I'm hauntedstar09, I like Halloween so much I start my own haunted place. we have been doing it for about 4yrs. It's on 10 arces, family and friends help we have so much fun, we do it the last two weekends in Oct.I started plan someting new right after halloween for the next yr. some people think I'm craze, but who cares what people think, I have fun and that what matters.:xbones:


----------



## Fiend4Halloween (Aug 28, 2008)

Hello hs09, and welcome to a great forum. We'd love to see some of those haunt pics.


----------



## Devils Chariot (May 23, 2007)

Hey Hey Huantedstar!

talk is cheap, lets see some pics.
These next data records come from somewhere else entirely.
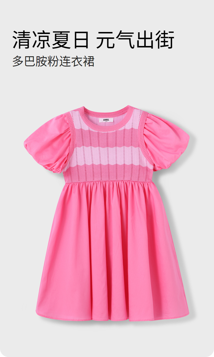 女童多巴胺粉连衣裙裙子夏季新款安奈儿童装实体店同款AG423770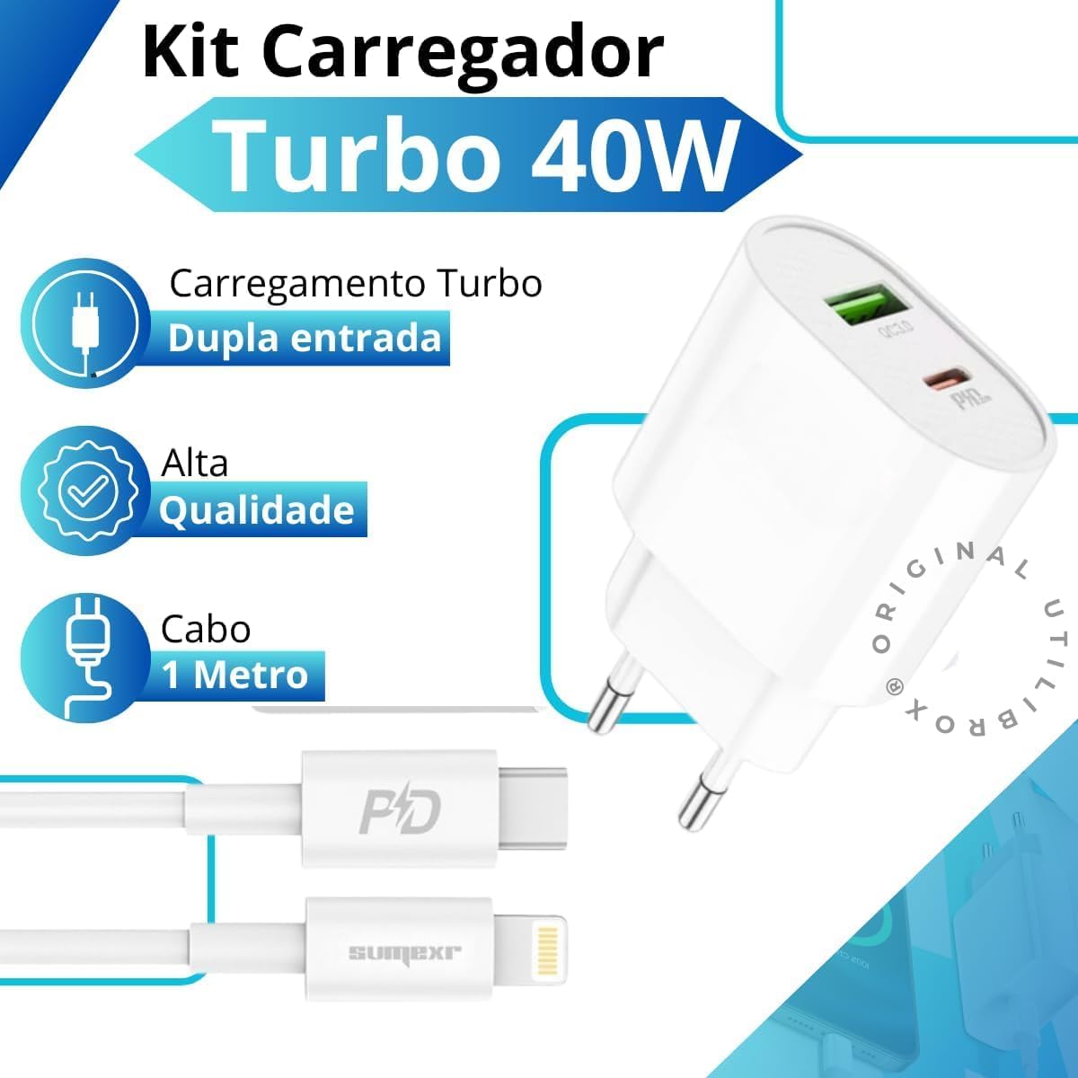 Transforme a forma como você carrega seus dispositivos e experimente a diferença com o Carregador Turbo 40W!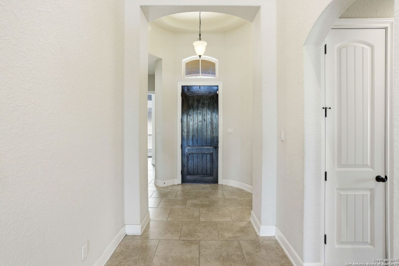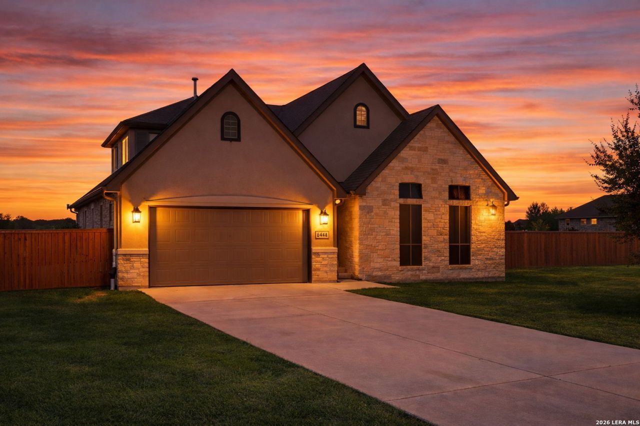 Welcome to this stunning 1.5-story home in San Antonio-a rare find offering 5 bedrooms, 4 full bathrooms, a large game room, and over 3/4 acre of space to enjoy. Conveniently located near Randolph Air Force Base, this home is an excellent option for buyers searching for San Antonio military homes, planning a PCS to San Antonio, or exploring VA loans in San Antonio. Step inside to an inviting entry with soaring ceilings and a formal dining room accented by elegant tray ceilings and abundant natural light. The open-concept main living area features beautiful wood flooring, a cozy corner fireplace, and effortless flow into the kitchen-perfect for everyday living and entertaining. The kitchen is designed for both style and function with granite countertops, a wide breakfast bar, recessed lighting, and an eat-in dining area overlooking the backyard. The spacious primary suite feels like a private retreat with tray ceilings, dual vanities, a soaking garden tub, separate shower, and a huge walk-in closet. Outside, enjoy an oversized patio, a sprawling private yard, and custom JellyFish lighting that adds year-round ambiance and standout curb appeal. Super clean and loaded with upgrades, this property truly checks every box-space, comfort, and an unbeatable location near Randolph AFB, shopping, and dining. Schedule your showing today and ask about the assumable VA loan opportunity.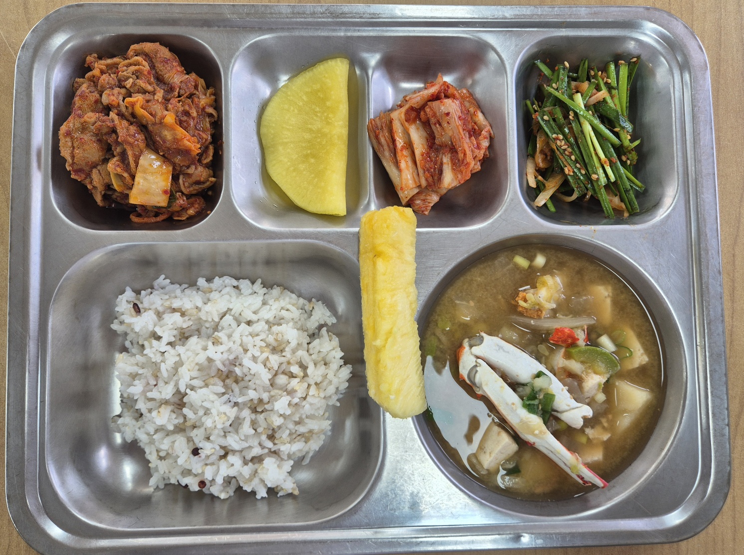 [중식] 친환경잡곡밥, 꽃게두부된장국, 유가네오리불고기, 부추겉절이, 쌈무(완제), 배추김치. 파인애플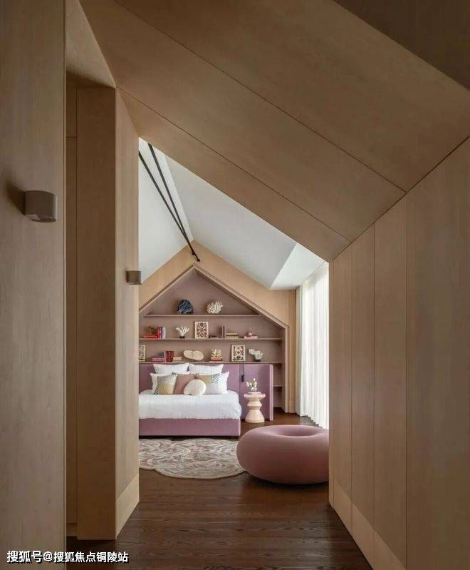 四层阁楼是大女儿的卧室。这里的斜顶启发我们在空间内打造了一个木质小屋;配备私人浴室和衣帽间,还有一个露天阳台,仿佛这充满阳光的一层就是个独立公寓。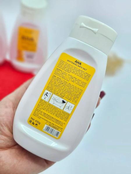 · پس از خیس کردن کامل بدن، حدود ۲۰ گرم (مقدار مناسب) از نمک بدن را برداشته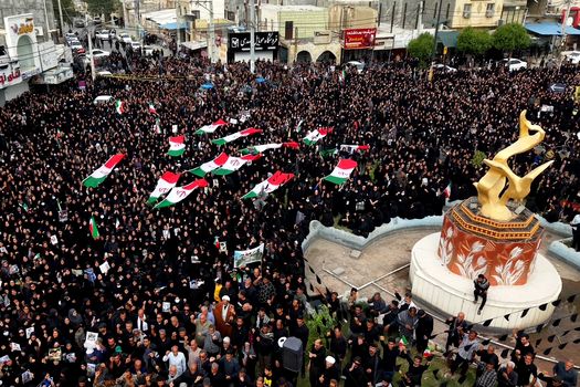 Între timp, televiziunea de stat iraniană a difuzat imagini de la funeraliile fetelor ucise. Sicrie mici, acoperite cu steaguri iraniene, au fost purtate prin mulțime înainte de înmormântare.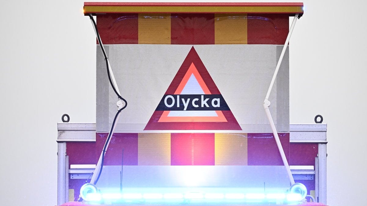 Polis bistår räddningstjänsten på olycksplatsen.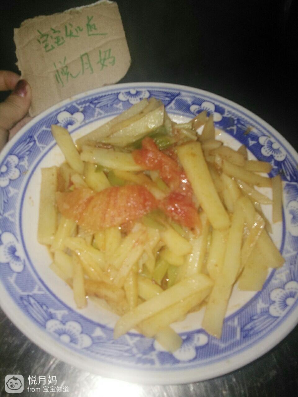 接着就把切好的西红柿倒入土豆中,继续翻炒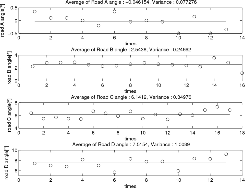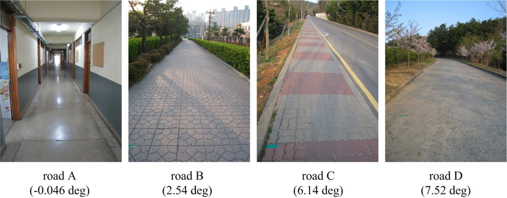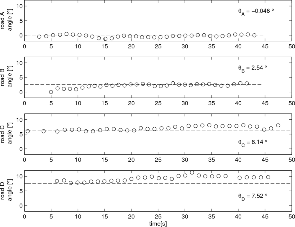 To test the proposed algorithm, four roads are selected (see Figure 5). These roads are more than 50 m long and the inclination angles are almost constant. The inclination angle of each road is measured with a digital inclinometer: inclination angles are measured at several points (13–17 points for each road) and the average value is considered as the inclination angle of a road. The results are given in Figure 6.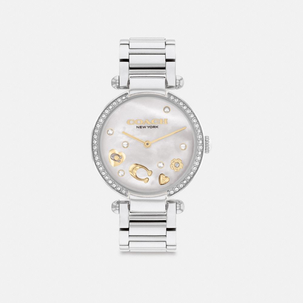 Timeless and elegant, the Cary watch is a sophisticated style perfect for day or night. The sleek stainless steel bracelet design features a shimmering crystal bezel and a luminous mother-of-pearl dial detailed with gold tone accents and a floating scatter of our signature charms.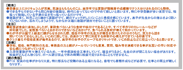 不満については学校ごとの取組の姿勢の違いや都内への人口集中ゆえの学校のキャパシティ不足などが挙げられます。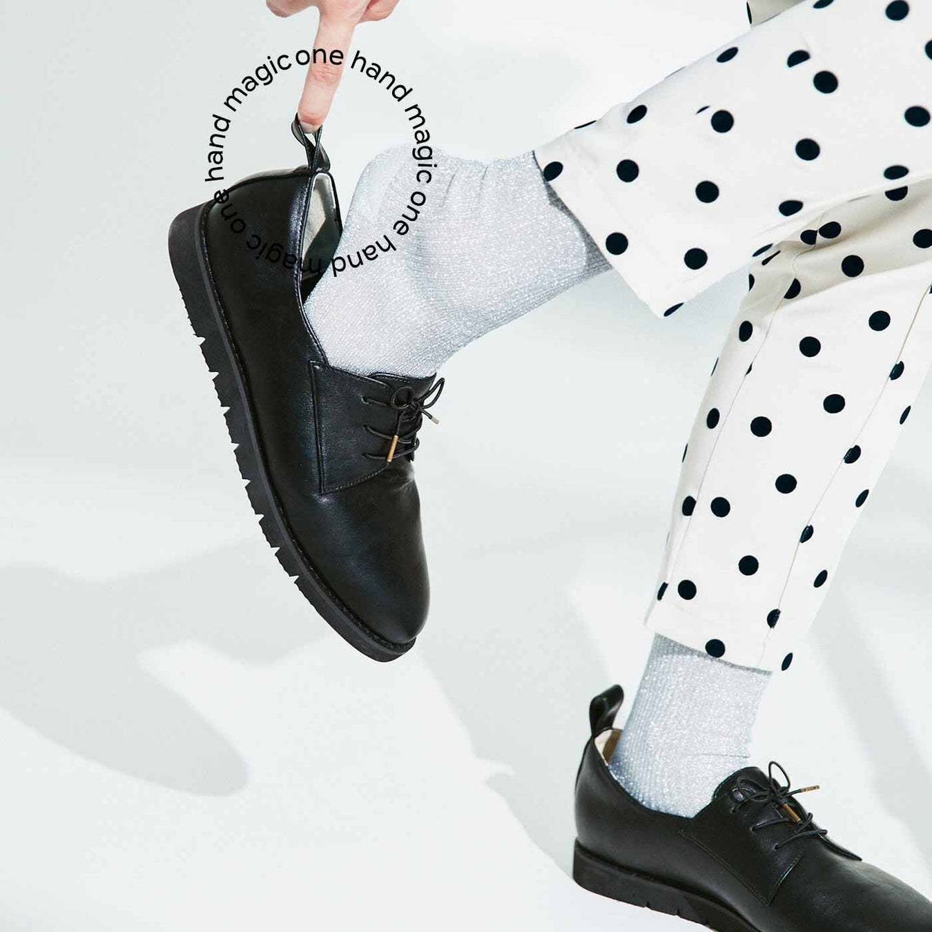・one hand magic 片手で履けるレースアップ風シューズ〈ブラック〉

Welcome aboard to this internet ship of madmen, matey!


----------



## spideranne (Jul 17, 2006)

Welcome!


----------



## scareme (Aug 29, 2006)

Hi and welcome to the forum. Where is your haunt at?


----------



## Frighteners Entertainment (Jan 24, 2006)

Welcome.


----------



## sharpobject (May 7, 2008)

Hi and welcome !!!


----------



## Vlad (Aug 2, 2005)

Welcome to the forum!


----------



## RoxyBlue (Oct 6, 2008)

Welcome to the Forum, Haunted!


----------



## dave the dead (Jan 31, 2007)

Howdy!


----------



## IMU (Apr 8, 2009)

Hello and welcome!


----------



## Spooky1 (Aug 25, 2008)

Welcome HS09, get posting so you can show us pictures of your haunt.


----------



## hauntedstar09 (Jun 11, 2009)

I live in the heartland.


----------



## hauntedstar09 (Jun 11, 2009)

spideranne said:


> Welcome!


 Hi, spideranne , did u go to Parker House last yr.:xbones:


----------



## smileyface4u23 (Apr 1, 2008)

Welcome - can't wait to see some pics!!!


----------



## Monk (Aug 26, 2008)

welcome


----------



## Draik41895 (Oct 25, 2008)

Welcome!


----------



## ghubertu (Apr 10, 2009)

Hi and welcome, can't wait to see some pics!


----------



## pyro (Oct 7, 2006)

welcome


----------



## The Bloodshed Brothers (Jan 25, 2009)

welcome enjoy yourself


----------



## Fangs (Jun 6, 2006)

Greetings hauntedstar09! Hope you like your new home on the net!


----------



## Ms. Wicked (Nov 14, 2006)

Welcome!


----------



## Joiseygal (Sep 3, 2008)

Hey Hauntedstar09 hope you like it here!


----------



## hedg12 (Jul 6, 2008)

We wants the pictures! We wants the pictures!

Hi and welcome!


----------



## Spookineer (Aug 20, 2006)

Welcome to the party!


----------